It's deja vu for T-Mobile as DOJ reportedly kills Sprint merger
On April 29th, it will have been one year since T-Mobile and Sprint announced a $26.5 billion merger. For the transaction to close, both the FCC and the DOJ must sign off on it, but that now looks like a long shot. Citing people familiar with the situation, the Wall Street Journal says that members of the Justice Department's antitrust division have told both carriers that the deal, as presently structured, is unlikely to be approved.
The problem that the DOJ's antitrust unit has with the deal is that it could lessen competition in the wireless business by dropping the number of major providers from four to three. As we've pointed out before, this could be looked at both ways. After all, a stronger number three carrier in the form of a merged T-Mobile-Sprint could prevent Verizon and AT&T from raising prices.
In 2011, AT&T pulled out of a $39 billion deal to buy T-Mobile after the merger was blocked by the Justice Department. Three years later, T-Mobile and Sprint decided not to merge after having exploratory talks with the FCC and DOJ. But with the currently proposed deal, both T-Mobile and Sprint at first pitched the merger directly to President Trump as necessary to provide competition to Verizon and AT&T when it comes to the rollout of 5G wireless service in the U.S.
T-Mobile CEO John Legere says that the story in the Journal is "untrue," and T-Mobile executives have been expecting the merger to close before the end of July.

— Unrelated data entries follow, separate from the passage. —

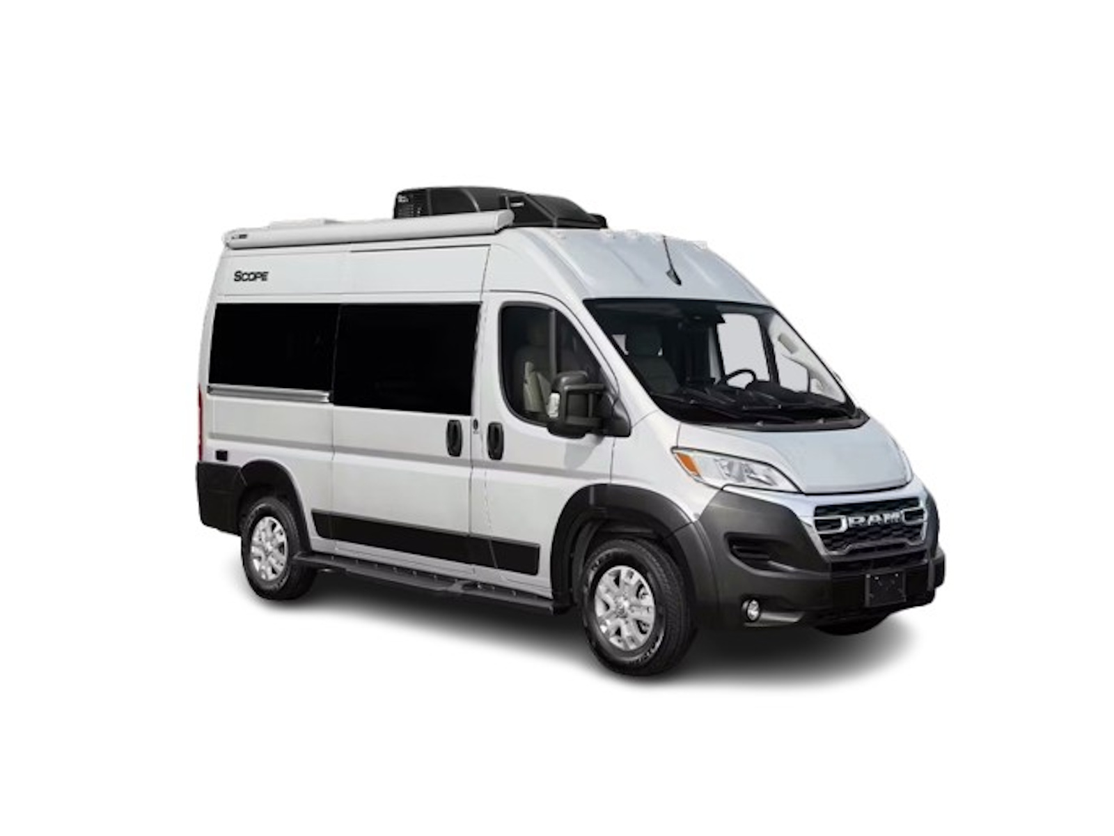 - Hit the road in the Scope® camper van, built on the Ram ProMaster® 1500 XT chassis and powered by a 3.6-liter V6 engine with front-wheel drive for a smooth ride. Advanced safety features like attention assist, traffic sign assist, active lane keeping assist, and blind spot assist help keep your journey stress-free. Tow your gear using the 5,000-pound hitch, and enjoy modern conveniences like cruise control, keyless entry, sleek aluminum wheels, and a backup camera for added peace of mind.
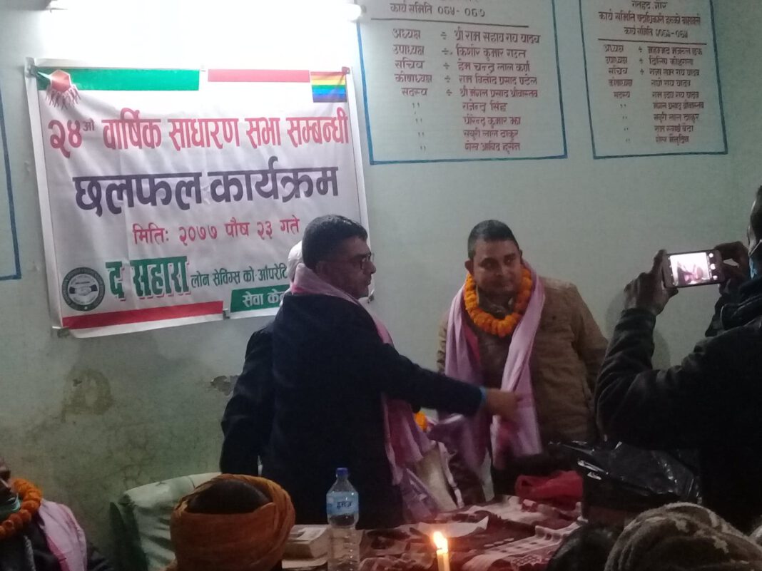 रौतहट ।। द सहारा लोन सेविंग्स को आपरेटीभ सोसाइटी लिमिटेडको २४ औं वार्षिक साधारण सभाको बंठक सम्पन्न भएको छ । विहिवार रौतहटको बार एसोसिएसन भवनमा साधारण सभाको बंैठक सम्पन्न भएको हो ।
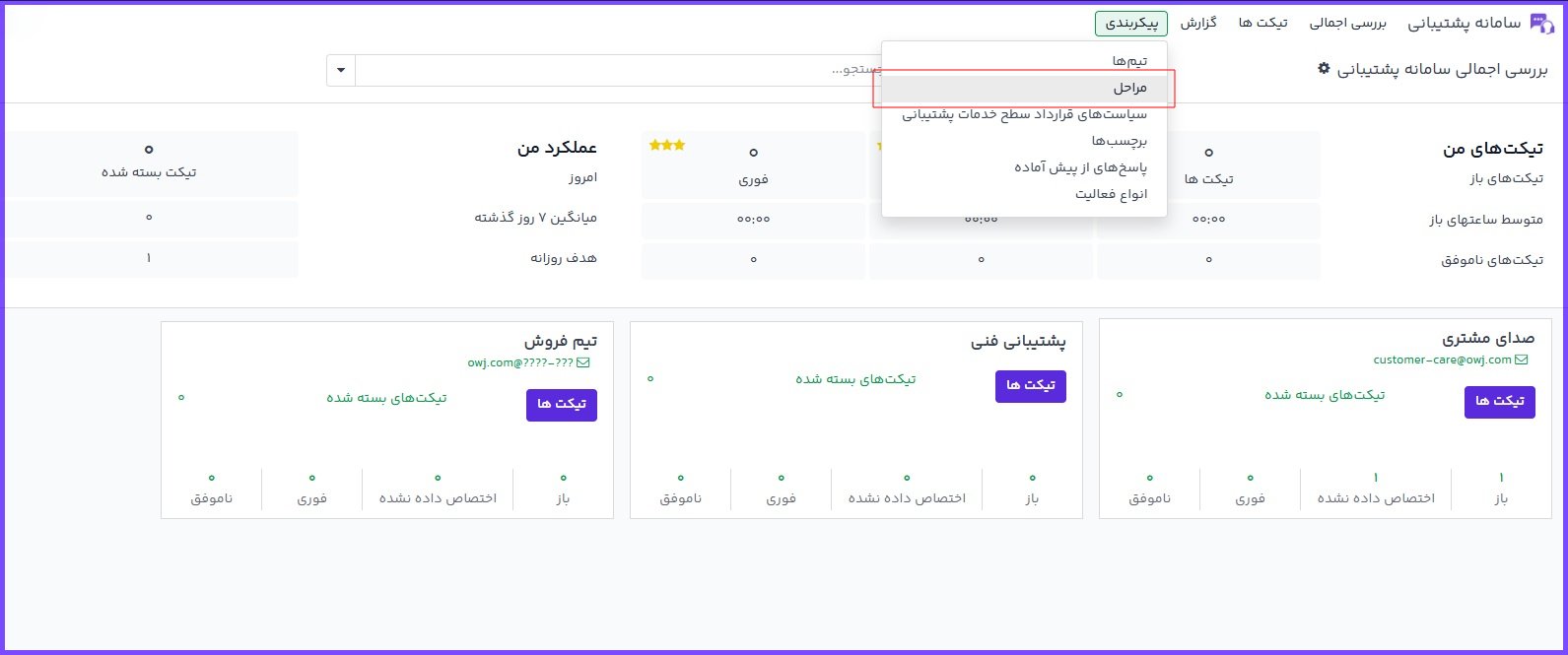مراحل برای سازماندهی فرایند رسیدگی به تیکتها و ردیابی وضعیت آنها استفاده میشوند.
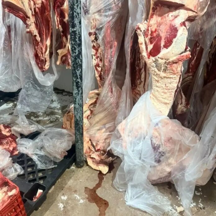 Durante a fiscalização, as equipes encontraram câmaras frias em condições precárias, com forte odor, sangue escorrendo pelo chão e carne armazenada sobre resíduos orgânicos. Também foi identificado veneno de rato armazenado junto a produtos alimentícios, incluindo leite destinado ao consumo infantil.
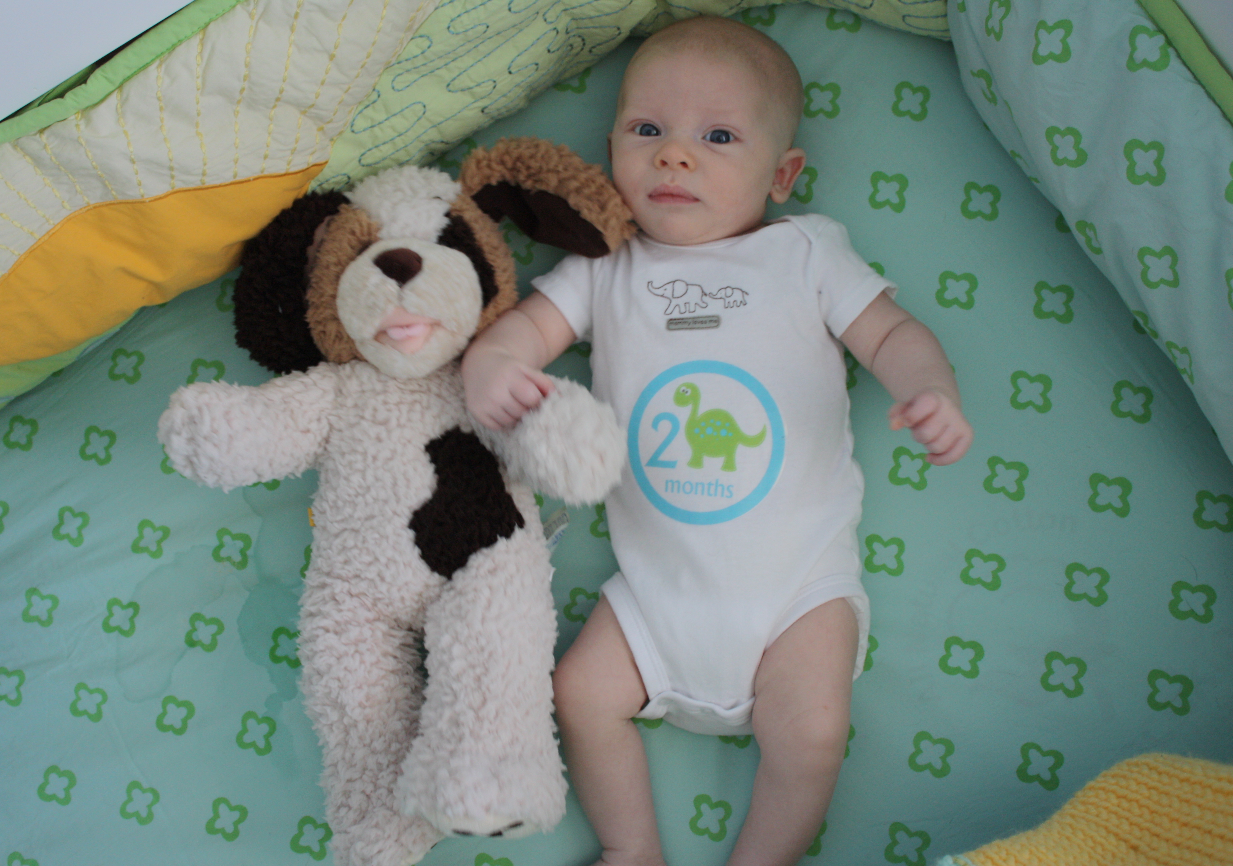 Yesterday marked Chet’s two month birthday. We celebrate in the least fun way possible. Chet went to the doctor for his monthly check-up. He’s now weighing in at 10 lbs 14 oz (50%) and 22.25 inches (25%). Maybe he won’t be taller than the rest of his family. With a short mom and short average dad and tiny brother, Chet wants to feel like he is a part of our family (for now).

That is later than the originally hoped for April closing, but twice the FCC had to temporarily halt its review of the deal. One time was due to the government shutdown, and the other time was due to new information about the merger filed by T-Mobile.
While those critical of the deal worried about job losses, Legere has said that the merger would add to the head count from day one. Store closings and the synergy created by the merger might have normally led to more firings than hirings, but Legere has pointed out that the combined T-Mobile-Sprint would have 130 million customers requiring a hike in customer service personnel. New hires will be needed to staff additional customer service centers, and 600 new stores will open in rural areas and small towns not presently serviced by T-Mobile or Sprint. With that in mind, Legere says that the combined company will hire 11,000 more people by 2024 than if both remain individual carriers.
The news came out after the 4 pm EDT close of U.S. stock markets. In after-hours trading, Sprint was down 8% to $5.53 a share while T-Mobile declined by more than 4% to $71.